The last time we looked at the chunking process in data deduplication engines ("Your Mileage Will Vary: Chunking"), we were looking pretty favorably at variable chunking that used the contents of the data to assign chunk boundaries. However, as deduplication moves from backup appliances accepting tape, or other backup application-specific format data, into backup applications and primary storage, the advantages of fixed-chunk deduplication start to become apparent.
The primary advantage of fixed-chunk deduplication is lower CPU overhead. Fixed-chunk systems don't have to spend any CPU cycles examining data and determining where the chunk borders should be. They just break data up into chunks like any other file system. In fact, some primary storage deduplication, like NetApp's, uses just the underlying file system's chunks for its foundation.
Lower overhead also means lower latency; computing where to put the chunk boundaries takes some time. While vendors have done their best to reduce this additional latency, and will claim it's not noticeable, it exists and might be a problem for primary storage deduplication systems.

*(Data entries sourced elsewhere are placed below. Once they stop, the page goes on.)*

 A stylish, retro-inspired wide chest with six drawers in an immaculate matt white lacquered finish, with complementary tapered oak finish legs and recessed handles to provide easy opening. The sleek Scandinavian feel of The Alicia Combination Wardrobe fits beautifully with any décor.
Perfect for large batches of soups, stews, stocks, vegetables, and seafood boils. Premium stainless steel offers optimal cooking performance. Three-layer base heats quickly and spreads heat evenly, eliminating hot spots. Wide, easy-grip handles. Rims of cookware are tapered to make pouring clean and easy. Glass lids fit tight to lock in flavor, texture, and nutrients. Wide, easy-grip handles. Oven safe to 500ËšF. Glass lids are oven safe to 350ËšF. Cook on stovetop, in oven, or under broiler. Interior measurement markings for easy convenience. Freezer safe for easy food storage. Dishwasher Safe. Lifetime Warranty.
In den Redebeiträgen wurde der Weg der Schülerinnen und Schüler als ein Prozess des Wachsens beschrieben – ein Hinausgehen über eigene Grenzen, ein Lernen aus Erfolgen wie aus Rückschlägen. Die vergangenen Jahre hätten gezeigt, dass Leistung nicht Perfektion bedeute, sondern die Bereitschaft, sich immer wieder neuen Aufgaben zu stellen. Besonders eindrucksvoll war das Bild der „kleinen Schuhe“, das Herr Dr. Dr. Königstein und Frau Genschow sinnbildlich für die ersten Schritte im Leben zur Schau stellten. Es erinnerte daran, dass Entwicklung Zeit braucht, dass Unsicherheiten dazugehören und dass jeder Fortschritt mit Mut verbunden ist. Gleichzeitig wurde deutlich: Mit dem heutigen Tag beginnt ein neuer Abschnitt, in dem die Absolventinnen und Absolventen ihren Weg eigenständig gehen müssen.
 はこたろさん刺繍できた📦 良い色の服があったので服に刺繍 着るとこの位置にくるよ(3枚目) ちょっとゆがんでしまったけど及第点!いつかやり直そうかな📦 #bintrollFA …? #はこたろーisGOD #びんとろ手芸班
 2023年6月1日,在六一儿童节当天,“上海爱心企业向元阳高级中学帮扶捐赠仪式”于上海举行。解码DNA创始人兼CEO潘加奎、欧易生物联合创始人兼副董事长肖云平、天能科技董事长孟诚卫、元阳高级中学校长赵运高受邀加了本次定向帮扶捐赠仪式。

Backup applications are a simple lot. In their heart of hearts they just want to be sending a stream of data to a tape drive somewhere. Since they're making large sequential write requests to a small number of large files, a few milliseconds of latency per request won't have a big impact. For conventional backup applications like NetBackup or Networker, throughput is all important, and latency less so.
Primary storage applications, even simple ones like hosting users' home folders, are much more latency-sensitive. In addition, rather than writing to a small number of very large files like backup applications do, primary storage environments have millions of files of all sizes. Since each file begins on a fresh data chunk, an insertion or other change that could throw off the chunk alignment will only affect one file's worth of data. Every new file will realign the process.